Il reste tout à fait entendu qu’à ces manquements graves qui constituent la principale cause de la crise actuelle qui secoue le pays, il faut rajouter les innombrables manquements à la gouvernance et à la transparence dans la gestion des affaires publiques. Ces manquements minent terriblement tant la crédibilité de cette équipe vis-à-vis de nos partenaires technico-financiers, que l’espoir des populations de voir s’opérer un changement effectif tant rêver.
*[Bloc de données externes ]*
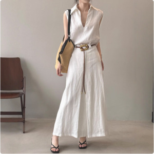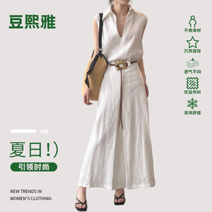 ラペルハイエンドリネンノースリーブスーツレディースサマースーツVネックシャツロングスカート気質ロングスカート

Conséquences, plus le temps passe et plus l’unanimité se fait au tour du fait que le pays est dans l’impasse totale, que l’équipe actuelle n’est pas à la hauteur des attentes et que cette situation constitue un gros risque de troubles dans le pays à terme.
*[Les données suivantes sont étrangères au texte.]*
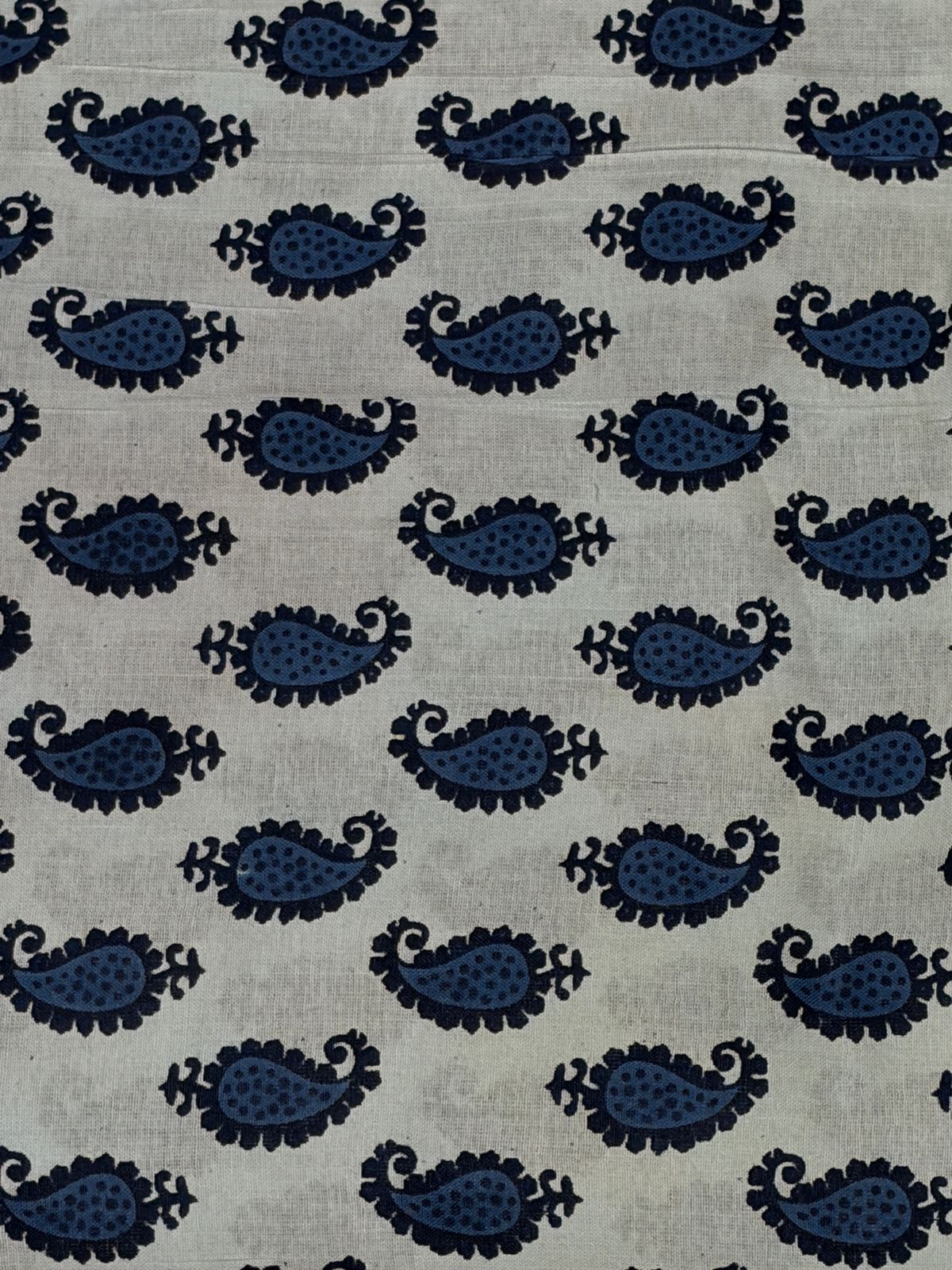 ​Print Style: A rhythmic Paisley or Mango motif pattern. Each paisley is filled with fine stippling (dot-work), adding a layer of visual texture and depth to the simple silhouette.

En effet, depuis maintenant 18 mois que le « changement Â» a été amorcé, les appels se multiplient à tous les niveaux et dans tous les domaines de gestion de la vie de la nation, en direction du président de la République, pour une réelle prise de conscience, afin de redresser la barre, mais ce dernier reste hermétiquement fermer à toute idée de décrispation de la tension qui prévaut actuellement dans le pays.
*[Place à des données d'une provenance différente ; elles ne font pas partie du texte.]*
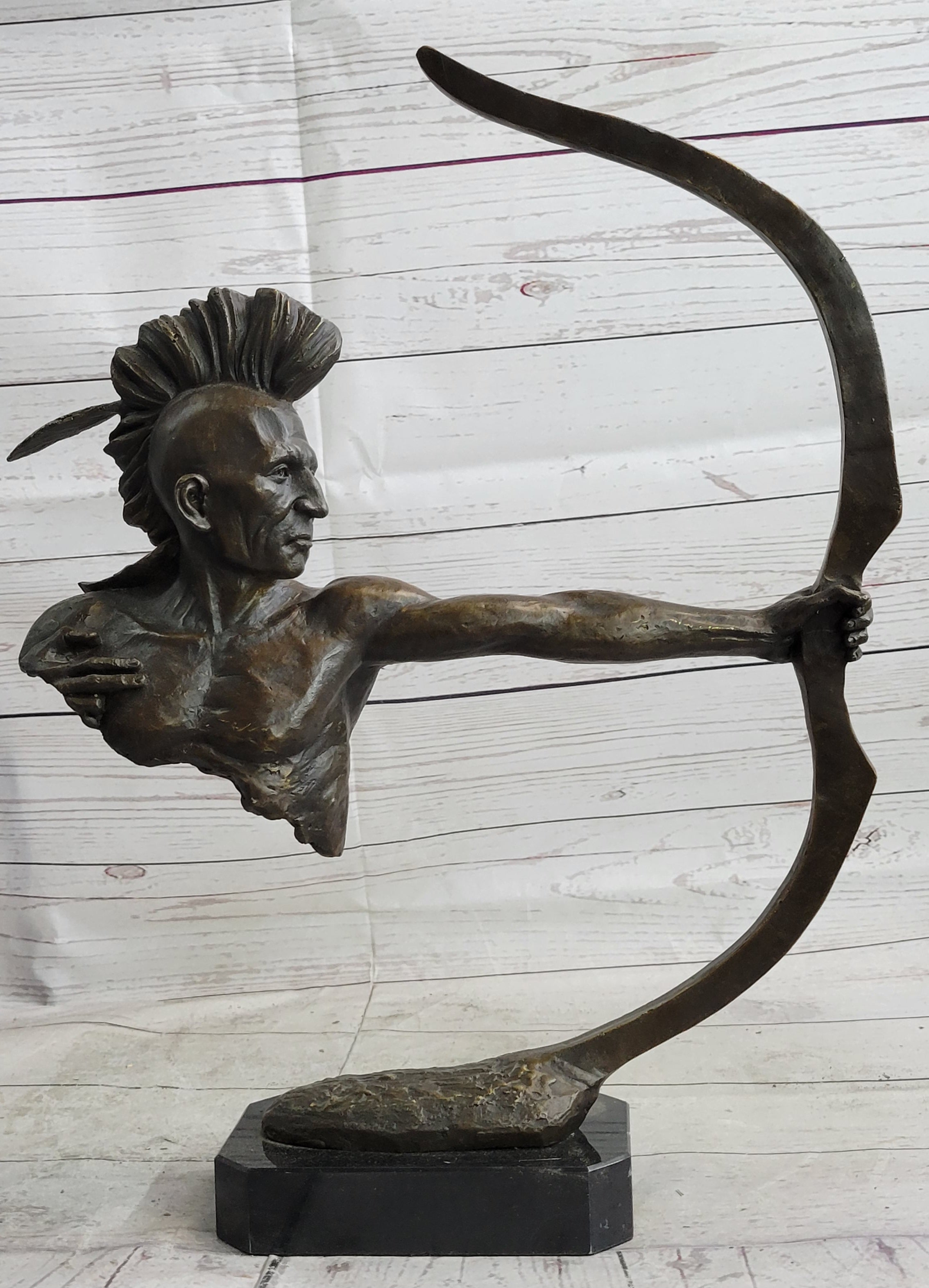 Native American Indian Mohawk Archer Bow Bronze Sculpture Statue Figure 17"

Le constat est amer face à l’obstination du chef de l’Etat à ne pas répondre ou du moins à ne pas prêter une oreille attentive aux revendications des uns et des autres :

  • le médiateur de la république est perdu ;
  • le comité de réconciliation ne retrouve plus son chemin ;
  • le dialogue politique reste sans issu ;
  • le processus électoral est dans l’impasse ;
  • la gestion du fichier électoral est confuse ;
  • la CENI est minée de l’intérieur ;
  • la gouvernance est en piteux état.

A cette pagaille qui n’est pas digne d’une République en ce début de siècle, il faut rajouter pour Alhassane Condé, qu’après plus d’un an d’installation des délégations spéciales, il n’y a toujours pas d’élections contrairement à la loi qui exige un maximum de six (6) mois pour faire des élections et remettre en place les conseils communaux. Il faut croire que cette équipe espérait organiser les législatives, sans aucun problème dans les six (6) mois et donner la majorité à Alpha Condé avec l’aide des délégations spéciales sur le terrain. Si Alhassane Condé estime que les conseils communaux avaient dépassé leur mandat, il est important pour lui de savoir que ses délégations spéciales sont désormais illégales et illégitimes, donc sans aucune autorité sur le terrain.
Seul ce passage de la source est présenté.